Step 4 — Monitoring and SLAs
Persist per-batch metrics and surface trends:
- completeness (% of required fields present)
- semantic pass rate (fraction of rows passing rules)
- lateness (max age of rows)
Alert when metrics cross thresholds. Prefer alerting on sustained degradation (e.g., 3 consecutive failing batches) to reduce noise.
Step 5 — Versioning and evolution
Treat contracts like software APIs. Use semantic versioning:
MAJOR: incompatible changes (rename, semantic change)MINOR: additive, backward compatible (new optional columns)PATCH: doc or metadata changes
When introducing a breaking change:
- Publish new contract version (e.g.,
1.0.0 -> 2.0.0). - Support both versions concurrently for the grace period.
- Provide migration guide and compatibility tests.
Step 6 — CI integration (contract tests)
Add contract checks to PR pipelines. A minimal GitHub Actions sketch is included in this repo; the scripts/run_contract_tests.R script runs schema + semantic checks on fixture datasets and fails when severity: error rules are violated.
Example CI job (sketch):
name: Contract checks
on: [push, pull_request]
jobs:
contract-test:
runs-on: ubuntu-latest
steps:
- uses: actions/checkout@v3
- name: Setup R
uses: r-lib/actions/setup-r@v2
- name: Install deps
run: Rscript -e 'install.packages(c("pointblank","yaml","dplyr","readr","rlang"))'
- name: Run contract tests
run: Rscript scripts/run_contract_tests.RThe test script returns non-zero on critical failures so the job fails and the PR blocks.
Variants and Edge Cases
- Hard fail vs soft fail: choose based on downstream impact (billing vs dashboarding).

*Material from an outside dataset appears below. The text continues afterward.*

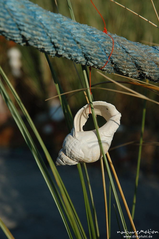 Wellhornschnecke, Buccinum undatum, Buccinidae, Gehäuse als Teil von Kunstwerk aus Treibgut, Amrum Amrum, Deutschland

- Multiple consumers: publish consumer-specific SLAs or require producer to meet the strictest.
- Legacy systems: use an adapter or transformation layer that enforces contracts.

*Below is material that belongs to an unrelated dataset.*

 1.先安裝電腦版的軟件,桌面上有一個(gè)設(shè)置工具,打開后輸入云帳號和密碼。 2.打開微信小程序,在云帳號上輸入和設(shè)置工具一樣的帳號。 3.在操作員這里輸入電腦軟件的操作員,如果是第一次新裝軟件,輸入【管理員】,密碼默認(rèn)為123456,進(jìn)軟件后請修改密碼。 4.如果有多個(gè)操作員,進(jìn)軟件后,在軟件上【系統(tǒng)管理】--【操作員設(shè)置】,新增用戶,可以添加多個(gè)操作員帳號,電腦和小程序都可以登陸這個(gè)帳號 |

- Performance: sample for heavy checks, or validate asynchronously and quarantine.
- Partial evolution: require deprecation windows for renames and semantic changes.
Why it works
Contracts make implicit assumptions explicit, producing testable, versioned artifacts. They reduce mean time to detect and mean time to repair by making failures loud and descriptive.
Practical tools
- R:
pointblank,validate,assertr,yaml,readr - Python:
great_expectations,pandera,soda-core - Platform:
dbt, Protobuf/Avro, Apache Iceberg
Checklist / TL;DR
- Define and version a YAML contract (schema + semantics + SLAs)
- Validate at producer boundary; verify at consumer boundary
- Fail fast for critical data; quarantine or warn for non-critical
- Add contract tests to CI and monitor metrics over time
- Communicate breaking changes and support a migration window
Closing
Data contracts are a small upfront investment that dramatically reduce emergency debugging and restore trust in metrics. Start with your riskiest feed: define the contract, implement validation, and automate the tests. You’ll sleep better and spend less time in war rooms.